At the first half-dozen folk he met.
He "tranced" them all, and without a joke
'Twas much as follows the subjects spoke:
First Man
"I am a doctor, London-made,
Listen to me and you'll hear displayed
A few of the tricks of the doctor's trade.
'Twill sometimes chance when a patient's ill
That a doae, or draught, or a lightning pill,
A little too strong or a little too hot,
Will work its way to a vital spot.
And then I watch with a sickly grin
While the patient 'passes his counters in'.
But when he has gone with his fleeting breath
I certify that the cause of death
Was something Latin, and something long,
And who is to say that the doctor's wrong!

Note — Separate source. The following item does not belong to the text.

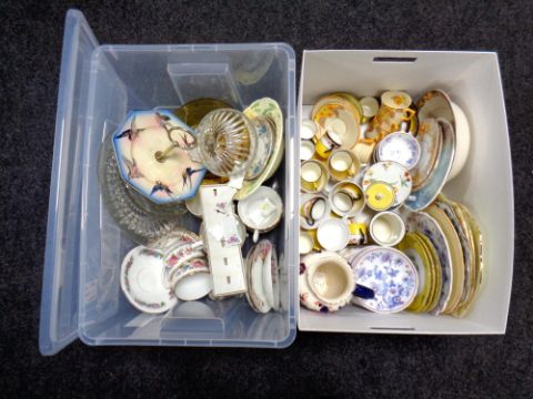 Two boxes containing 20th century pressed glass ware, Royal Doulton coffee china, dinner plates etc

So I go my way with a stately tread
While my patients sleep with the dreamless dead."
Next, Please
"I am a barrister, wigged and gowned;
Of stately presence and look profound.
Listen awhile till I show you round.
When courts are sitting and work is flush
I hurry about in a frantic rush.
I take your brief and I look to see
That the same is marked with a thumping fee;
But just as your case is drawing near
I bob serenely and disappear.
And away in another court I lurk
While a junior barrister does your work;
And I ask my fee with a courtly grace,
Although I never came near the case.
But the loss means ruin too you, maybe,
But nevertheless I must have my fee!
For the lawyer laughs in his cruel sport
While his clients march to the Bankrupt Court."
Third Man
"I am a banker, wealthy and bold --
A solid man, and I keep my hold
Over a pile of the public's gold.
I am as skilled as skilled can be
In every matter of ? s. d.
I count the money, and night by night
I balance it up to a farthing right:
In sooth, 'twould a stranger's soul perplex
My double entry and double checks.
Yet it sometimes happens by some strange crook
That a ledger-keeper will 'take his hook'
With a couple of hundred thousand 'quid',
And no one can tell how the thing was did!"
Fourth Man
"I am an editor, bold and free.
Behind the great impersonal 'We'
I hold the power of the Mystic Three.
What scoundrel ever would dare to hint
That anything crooked appears in print!
Perhaps an actor is all the rage,
He struts his hour on the mimic stage,
With skill he interprets all the scenes --
And yet next morning I give him beans.
I slate his show from the floats to flies,
Because the beggar won't advertise.
And sometimes columns of print appear
About a mine, and it makes it clear
That the same is all that one's heart could wish --
A dozen ounces to every dish.
But the reason we print those statements fine
Is -- the editor's uncle owns the mine."
The Last Straw
"A preacher I, and I take my stand
In pulpit decked with gown and band
To point the way to a better land.
With sanctimonious and reverent look
I read it out of the sacred book
That he who would open the golden door
Must give his all to the starving poor.
But I vary the practice to some extent
By investing money at twelve per cent,
And after I've preached for a decent while
I clear for 'home' with a lordly pile.
I frighten my congregation well
With fear of torment and threats of hell,
Although I know that the scientists
Can't find that any such place exists.
And when they prove it beyond mistake
That the world took millions of years to make,
And never was built by the seventh day
I say in a pained and insulted way
that 'Thomas also presumed to doubt',
And thus do I rub my opponents out.
For folks may widen their mental range,
But priest and parson, thay never change."
With dragging footsteps and downcast head
The hypnotiser went home to bed,
And since that very successful test
He has given the magic art a rest;
Had he tried the ladies, and worked it right,
What curious tales might have come to light!